PROBLEM TO SOLVE:
The data that follows is to be copied exactly, with each image removed.

[Stored items from a collection]
□ □ □ □ □ □ □
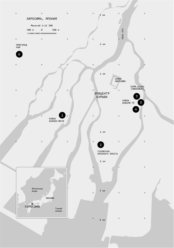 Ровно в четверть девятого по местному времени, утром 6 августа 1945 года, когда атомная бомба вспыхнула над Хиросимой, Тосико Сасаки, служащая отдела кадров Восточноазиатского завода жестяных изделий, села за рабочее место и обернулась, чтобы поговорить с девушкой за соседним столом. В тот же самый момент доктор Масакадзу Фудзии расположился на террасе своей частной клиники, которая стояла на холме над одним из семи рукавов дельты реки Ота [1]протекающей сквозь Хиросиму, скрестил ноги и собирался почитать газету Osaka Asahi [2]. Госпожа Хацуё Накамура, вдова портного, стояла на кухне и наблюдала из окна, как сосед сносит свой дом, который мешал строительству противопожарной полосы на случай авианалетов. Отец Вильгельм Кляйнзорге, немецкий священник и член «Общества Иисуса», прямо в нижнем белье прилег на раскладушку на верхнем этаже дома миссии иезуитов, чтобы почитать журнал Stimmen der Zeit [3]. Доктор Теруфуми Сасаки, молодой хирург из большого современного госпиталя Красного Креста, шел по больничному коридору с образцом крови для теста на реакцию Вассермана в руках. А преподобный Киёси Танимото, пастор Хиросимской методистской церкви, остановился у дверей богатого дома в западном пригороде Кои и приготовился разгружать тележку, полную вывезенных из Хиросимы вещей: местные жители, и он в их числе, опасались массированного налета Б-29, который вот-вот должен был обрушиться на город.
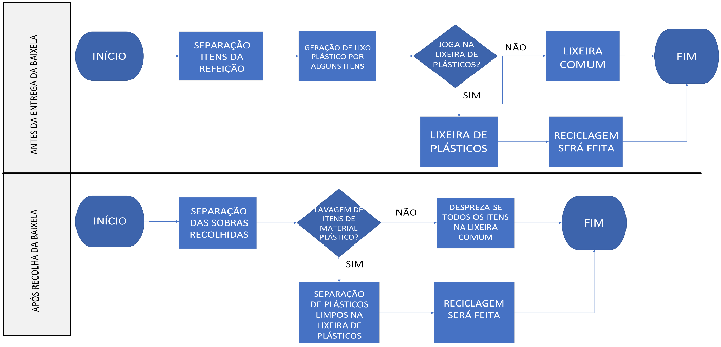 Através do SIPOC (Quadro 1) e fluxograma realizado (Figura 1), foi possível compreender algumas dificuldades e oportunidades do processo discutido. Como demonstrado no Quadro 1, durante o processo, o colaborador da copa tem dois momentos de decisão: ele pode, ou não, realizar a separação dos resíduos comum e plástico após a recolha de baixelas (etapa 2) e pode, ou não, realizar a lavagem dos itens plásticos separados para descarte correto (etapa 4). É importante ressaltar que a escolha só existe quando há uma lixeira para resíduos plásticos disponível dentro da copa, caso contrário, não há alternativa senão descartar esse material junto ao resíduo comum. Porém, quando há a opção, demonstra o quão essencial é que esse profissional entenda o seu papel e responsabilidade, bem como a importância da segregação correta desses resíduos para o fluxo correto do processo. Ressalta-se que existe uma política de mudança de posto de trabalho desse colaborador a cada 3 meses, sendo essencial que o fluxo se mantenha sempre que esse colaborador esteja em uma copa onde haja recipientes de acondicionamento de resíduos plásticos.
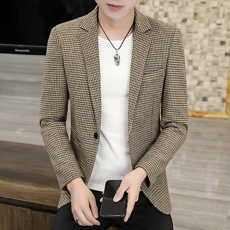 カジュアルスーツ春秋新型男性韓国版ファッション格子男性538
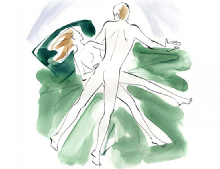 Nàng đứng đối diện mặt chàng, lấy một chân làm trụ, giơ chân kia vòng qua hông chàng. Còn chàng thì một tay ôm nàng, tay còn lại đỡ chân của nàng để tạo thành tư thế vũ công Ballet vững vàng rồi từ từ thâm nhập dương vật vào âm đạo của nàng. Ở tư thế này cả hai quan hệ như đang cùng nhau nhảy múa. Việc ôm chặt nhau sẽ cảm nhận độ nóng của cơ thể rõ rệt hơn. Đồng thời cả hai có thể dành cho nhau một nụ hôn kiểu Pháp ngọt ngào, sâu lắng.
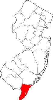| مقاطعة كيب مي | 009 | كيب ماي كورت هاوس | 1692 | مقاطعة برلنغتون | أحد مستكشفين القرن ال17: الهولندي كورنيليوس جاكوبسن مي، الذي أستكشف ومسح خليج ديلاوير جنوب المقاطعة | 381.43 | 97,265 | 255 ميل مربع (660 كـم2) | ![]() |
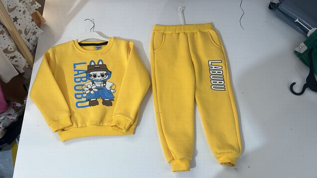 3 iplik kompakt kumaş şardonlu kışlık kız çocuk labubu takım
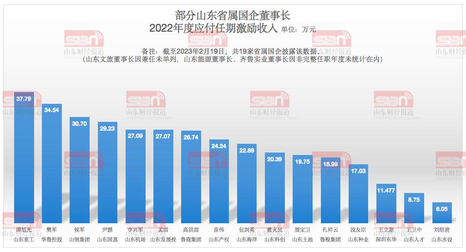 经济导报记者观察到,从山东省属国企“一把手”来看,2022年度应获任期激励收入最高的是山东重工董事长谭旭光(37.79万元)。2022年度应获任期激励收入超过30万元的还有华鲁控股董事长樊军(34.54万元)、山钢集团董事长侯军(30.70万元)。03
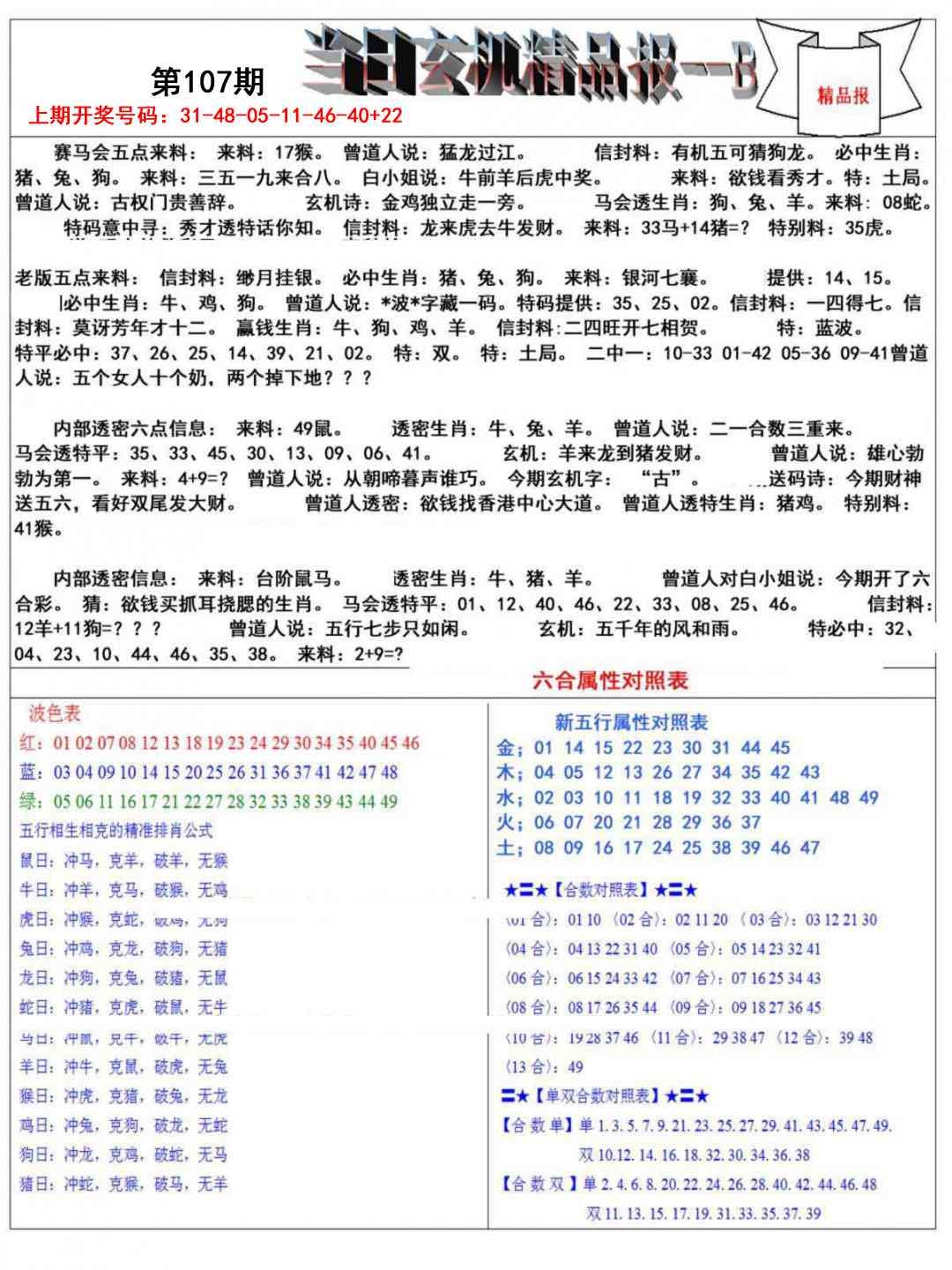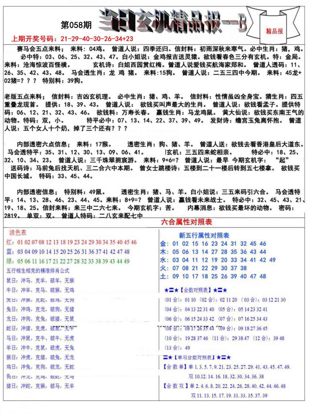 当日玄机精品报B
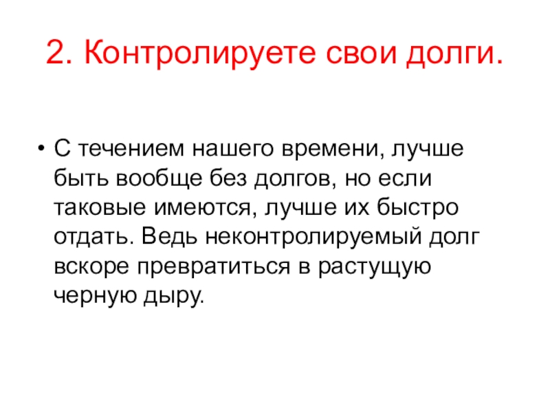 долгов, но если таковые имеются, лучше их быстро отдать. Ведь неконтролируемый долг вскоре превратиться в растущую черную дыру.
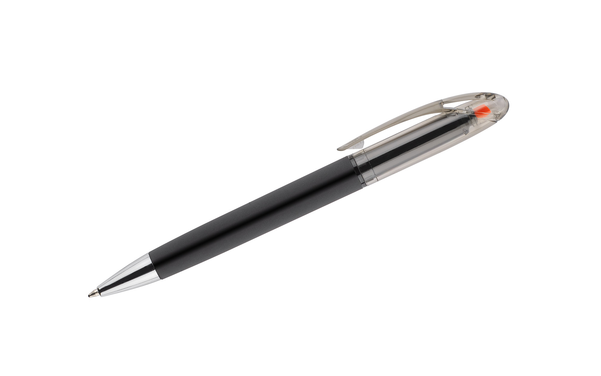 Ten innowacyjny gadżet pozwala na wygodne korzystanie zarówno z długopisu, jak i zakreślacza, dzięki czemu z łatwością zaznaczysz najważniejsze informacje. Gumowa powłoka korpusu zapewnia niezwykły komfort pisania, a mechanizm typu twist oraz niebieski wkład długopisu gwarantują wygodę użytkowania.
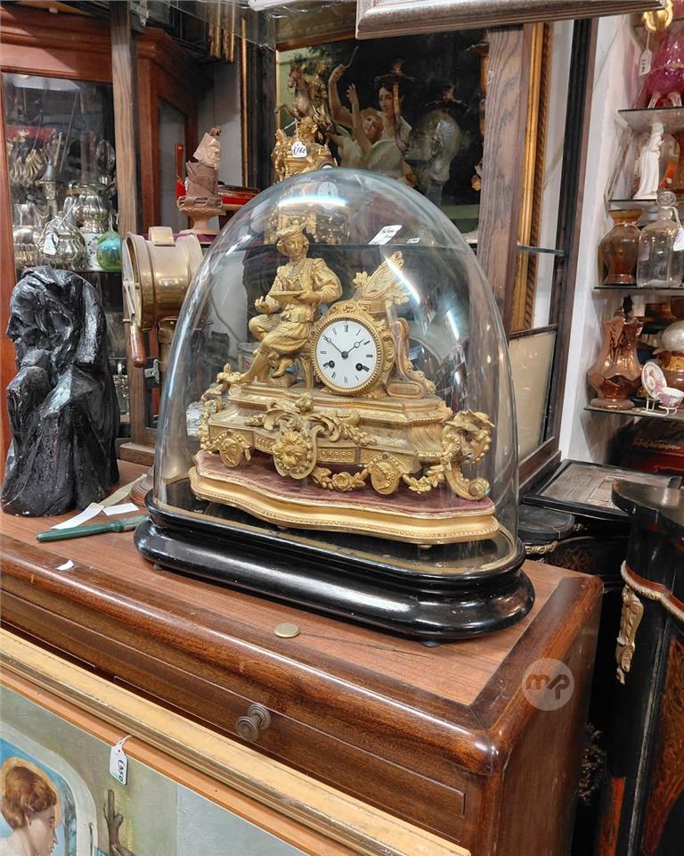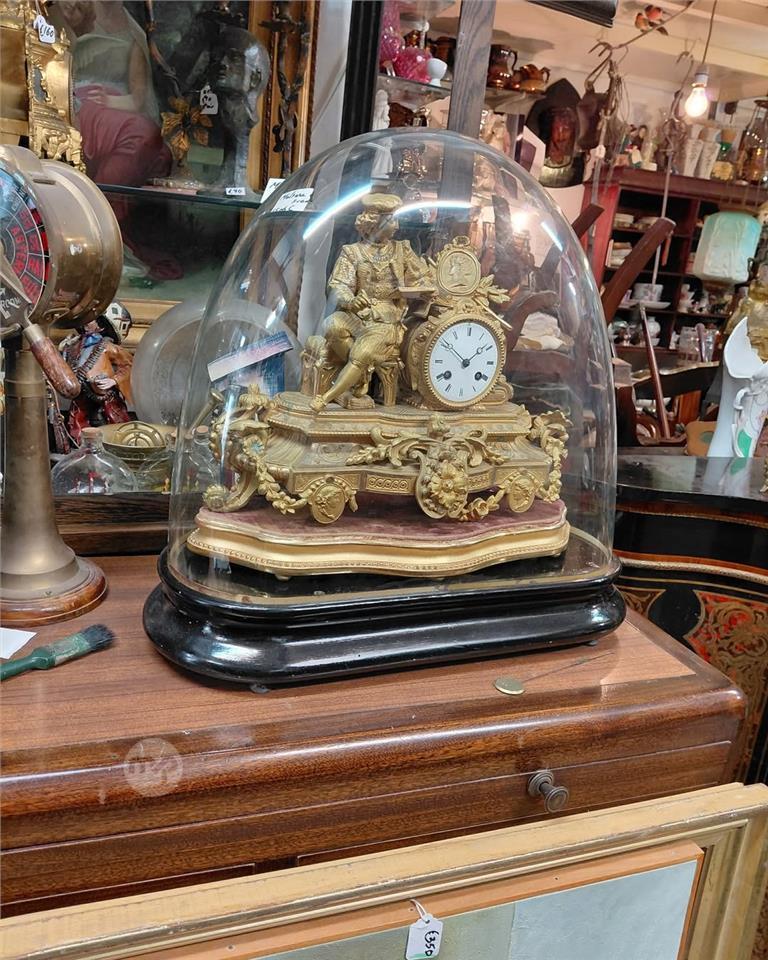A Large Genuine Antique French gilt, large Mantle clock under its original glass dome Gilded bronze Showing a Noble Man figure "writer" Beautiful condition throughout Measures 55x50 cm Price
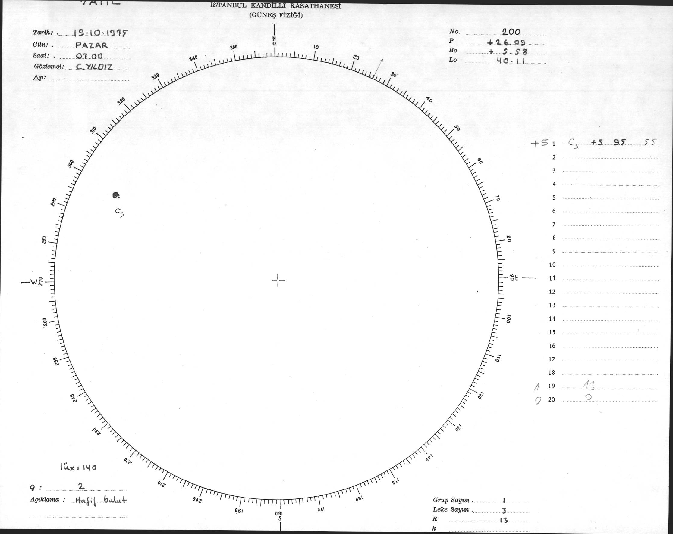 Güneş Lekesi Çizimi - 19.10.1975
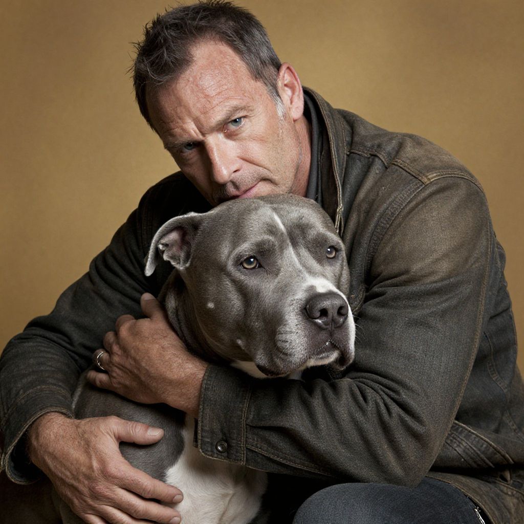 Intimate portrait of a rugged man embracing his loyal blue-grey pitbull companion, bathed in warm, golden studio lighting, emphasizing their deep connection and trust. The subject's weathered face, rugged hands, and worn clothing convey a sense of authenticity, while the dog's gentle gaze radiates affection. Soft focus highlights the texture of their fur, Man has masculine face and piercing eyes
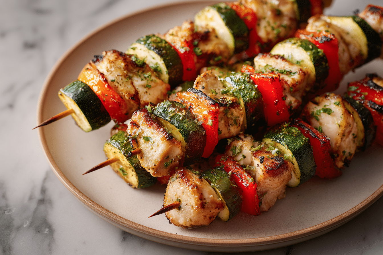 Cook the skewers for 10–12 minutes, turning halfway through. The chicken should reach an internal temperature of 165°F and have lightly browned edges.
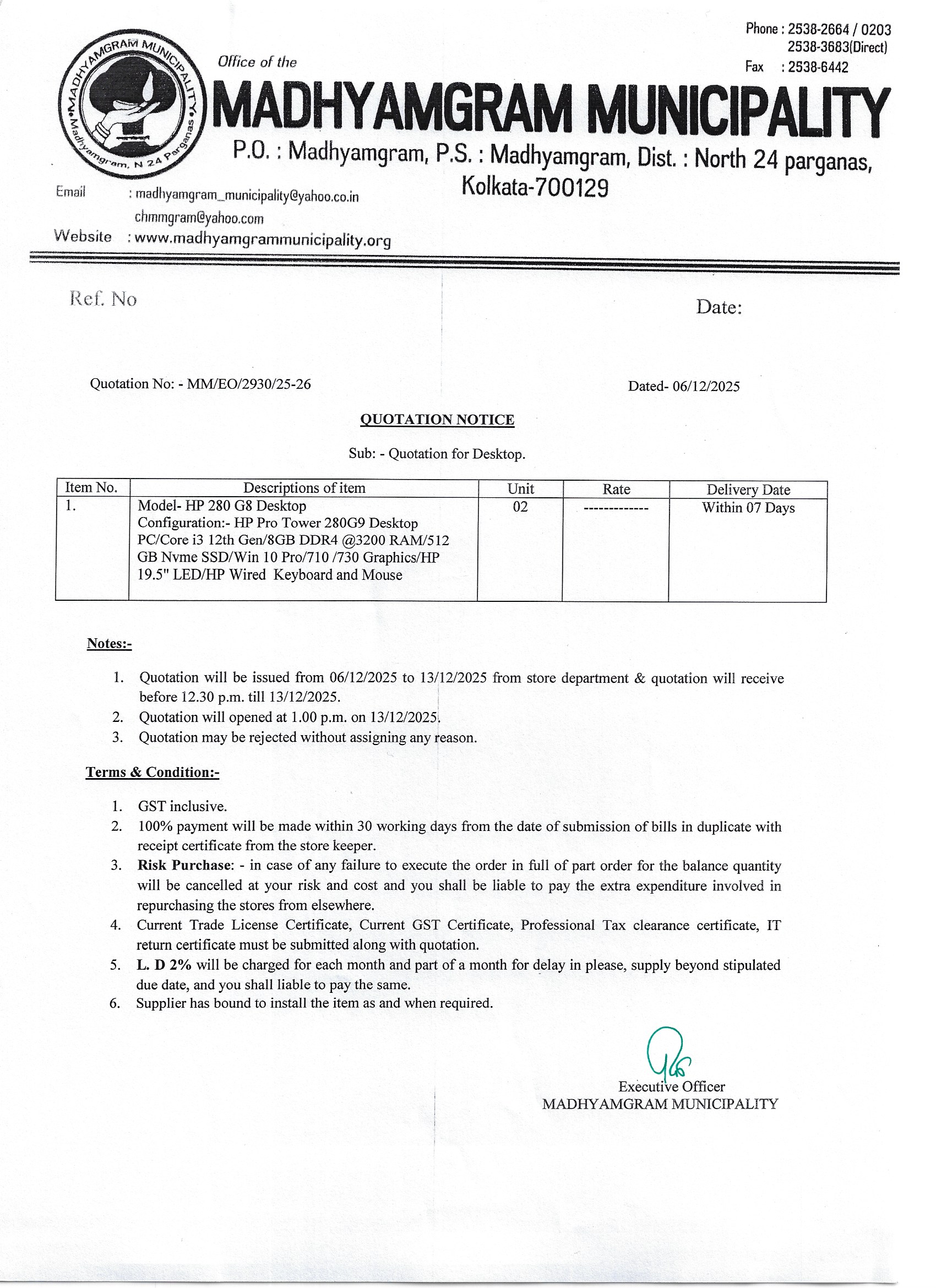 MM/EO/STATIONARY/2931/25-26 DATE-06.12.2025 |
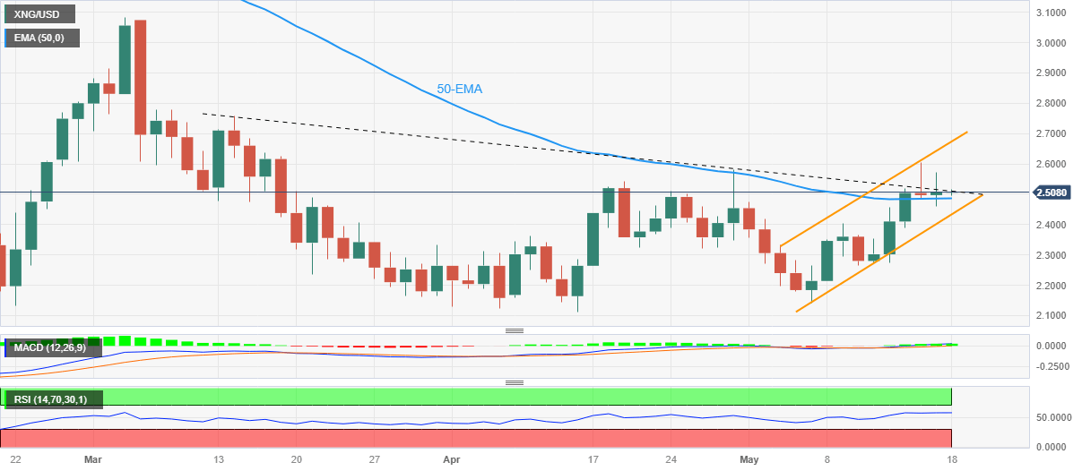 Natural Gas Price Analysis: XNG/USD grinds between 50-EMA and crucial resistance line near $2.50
□ □ □ □ □ □ □
COMPLETED EXERCISE:
 Ровно в четверть девятого по местному времени, утром 6 августа 1945 года, когда атомная бомба вспыхнула над Хиросимой, Тосико Сасаки, служащая отдела кадров Восточноазиатского завода жестяных изделий, села за рабочее место и обернулась, чтобы поговорить с девушкой за соседним столом. В тот же самый момент доктор Масакадзу Фудзии расположился на террасе своей частной клиники, которая стояла на холме над одним из семи рукавов дельты реки Ота [1]протекающей сквозь Хиросиму, скрестил ноги и собирался почитать газету Osaka Asahi [2]. Госпожа Хацуё Накамура, вдова портного, стояла на кухне и наблюдала из окна, как сосед сносит свой дом, который мешал строительству противопожарной полосы на случай авианалетов. Отец Вильгельм Кляйнзорге, немецкий священник и член «Общества Иисуса», прямо в нижнем белье прилег на раскладушку на верхнем этаже дома миссии иезуитов, чтобы почитать журнал Stimmen der Zeit [3]. Доктор Теруфуми Сасаки, молодой хирург из большого современного госпиталя Красного Креста, шел по больничному коридору с образцом крови для теста на реакцию Вассермана в руках. А преподобный Киёси Танимото, пастор Хиросимской методистской церкви, остановился у дверей богатого дома в западном пригороде Кои и приготовился разгружать тележку, полную вывезенных из Хиросимы вещей: местные жители, и он в их числе, опасались массированного налета Б-29, который вот-вот должен был обрушиться на город.
 Através do SIPOC (Quadro 1) e fluxograma realizado (Figura 1), foi possível compreender algumas dificuldades e oportunidades do processo discutido. Como demonstrado no Quadro 1, durante o processo, o colaborador da copa tem dois momentos de decisão: ele pode, ou não, realizar a separação dos resíduos comum e plástico após a recolha de baixelas (etapa 2) e pode, ou não, realizar a lavagem dos itens plásticos separados para descarte correto (etapa 4). É importante ressaltar que a escolha só existe quando há uma lixeira para resíduos plásticos disponível dentro da copa, caso contrário, não há alternativa senão descartar esse material junto ao resíduo comum. Porém, quando há a opção, demonstra o quão essencial é que esse profissional entenda o seu papel e responsabilidade, bem como a importância da segregação correta desses resíduos para o fluxo correto do processo. Ressalta-se que existe uma política de mudança de posto de trabalho desse colaborador a cada 3 meses, sendo essencial que o fluxo se mantenha sempre que esse colaborador esteja em uma copa onde haja recipientes de acondicionamento de resíduos plásticos.
 カジュアルスーツ春秋新型男性韓国版ファッション格子男性538
 Nàng đứng đối diện mặt chàng, lấy một chân làm trụ, giơ chân kia vòng qua hông chàng. Còn chàng thì một tay ôm nàng, tay còn lại đỡ chân của nàng để tạo thành tư thế vũ công Ballet vững vàng rồi từ từ thâm nhập dương vật vào âm đạo của nàng. Ở tư thế này cả hai quan hệ như đang cùng nhau nhảy múa. Việc ôm chặt nhau sẽ cảm nhận độ nóng của cơ thể rõ rệt hơn. Đồng thời cả hai có thể dành cho nhau một nụ hôn kiểu Pháp ngọt ngào, sâu lắng.
| مقاطعة كيب مي | 009 | كيب ماي كورت هاوس | 1692 | مقاطعة برلنغتون | أحد مستكشفين القرن ال17: الهولندي كورنيليوس جاكوبسن مي، الذي أستكشف ومسح خليج ديلاوير جنوب المقاطعة | 381.43 | 97,265 | 255 ميل مربع (660 كـم2) | ![]() |
 3 iplik kompakt kumaş şardonlu kışlık kız çocuk labubu takım
 经济导报记者观察到,从山东省属国企“一把手”来看,2022年度应获任期激励收入最高的是山东重工董事长谭旭光(37.79万元)。2022年度应获任期激励收入超过30万元的还有华鲁控股董事长樊军(34.54万元)、山钢集团董事长侯军(30.70万元)。03
 当日玄机精品报B
 долгов, но если таковые имеются, лучше их быстро отдать. Ведь неконтролируемый долг вскоре превратиться в растущую черную дыру.
 Ten innowacyjny gadżet pozwala na wygodne korzystanie zarówno z długopisu, jak i zakreślacza, dzięki czemu z łatwością zaznaczysz najważniejsze informacje. Gumowa powłoka korpusu zapewnia niezwykły komfort pisania, a mechanizm typu twist oraz niebieski wkład długopisu gwarantują wygodę użytkowania.
A Large Genuine Antique French gilt, large Mantle clock under its original glass dome Gilded bronze Showing a Noble Man figure "writer" Beautiful condition throughout Measures 55x50 cm Price
 Güneş Lekesi Çizimi - 19.10.1975
 Intimate portrait of a rugged man embracing his loyal blue-grey pitbull companion, bathed in warm, golden studio lighting, emphasizing their deep connection and trust. The subject's weathered face, rugged hands, and worn clothing convey a sense of authenticity, while the dog's gentle gaze radiates affection. Soft focus highlights the texture of their fur, Man has masculine face and piercing eyes
 Cook the skewers for 10–12 minutes, turning halfway through. The chicken should reach an internal temperature of 165°F and have lightly browned edges.
 MM/EO/STATIONARY/2931/25-26 DATE-06.12.2025 |
 Natural Gas Price Analysis: XNG/USD grinds between 50-EMA and crucial resistance line near $2.50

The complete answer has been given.